War ravages their world and despite the large walls protecting the village from its wrath, some essence of it still manages to seep past the stone gates and find homes in distraught families and crippled soldiers. It is this war, that allows Moriko and many other students to excel through the academy in record speed. No one questions the ethical practice behind it because there is none. There is war, and their village needed fighters. Moriko's father, who had been a stranger to the field since her birth, deployed with a reconnaissance unit a few days ago before the date of her graduation with empty promises to return on time to celebrate her new milestone.

Moriko had never told him to stop giving white lies. She didn't see a need to once she saw the way her father clung onto them for hope. Hope for what, she did not know. So she sits in a chair rooted to the ashen floor, waiting, watching, counting the sparse clouds in the sky. Their year's sensei had been sent off to fight a month ago with no instructions or farewell for them to hear. As a whole, the academy saw the disappearance of half their personnel and the appearance of rotating substitutes with various levels of arrogance.

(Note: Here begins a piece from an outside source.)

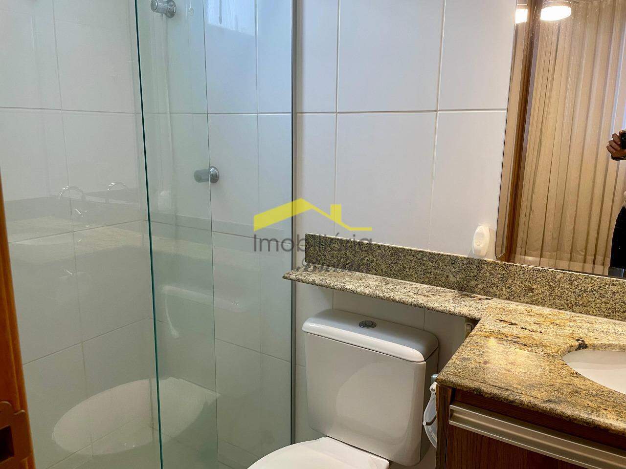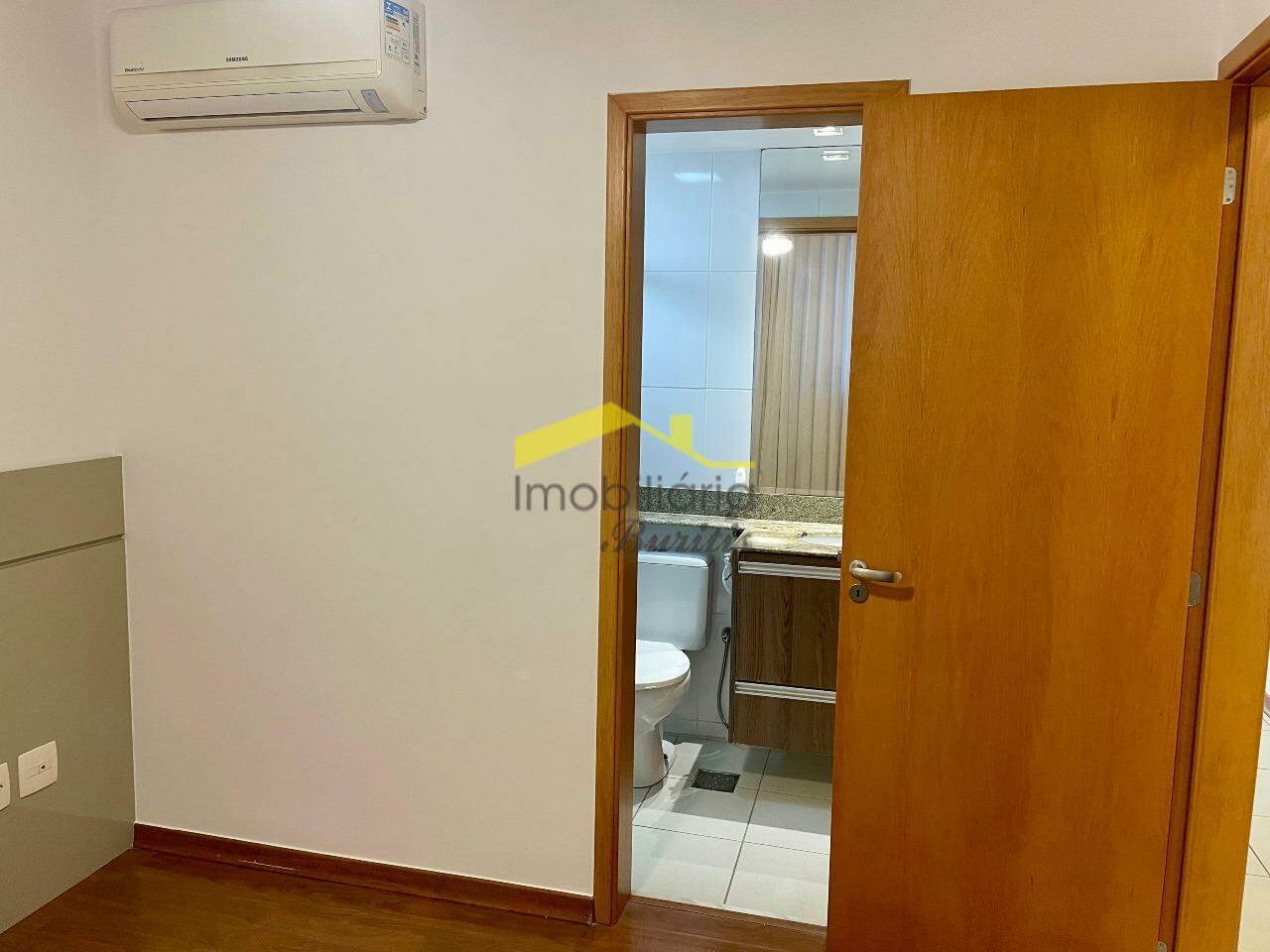 São 3 quartos, sendo um deles suíte, todos com armários planejados, ar-condicionado e acabamentos de qualidade. Banheiros com bancada em granito, box em vidro e armário sob a pia.

She hardly catches the last syllables of her name which signal her to rerieve her headband. The metal is cool to the touch and finds home in her pocket. Three more children follow after her; there are a total of thirteen graduates from her class. An uneven number, but she doubts they would be filtered into the three man squads as dictated by tradition. Cannon fodder, that is what they are. She wonders how many of them realize this too. But then again, she looks at the faces in the seats around her; less than a handful of them deserved the promotion. The rest, like her, are just shy of being geniuses and more of perceptive if anything.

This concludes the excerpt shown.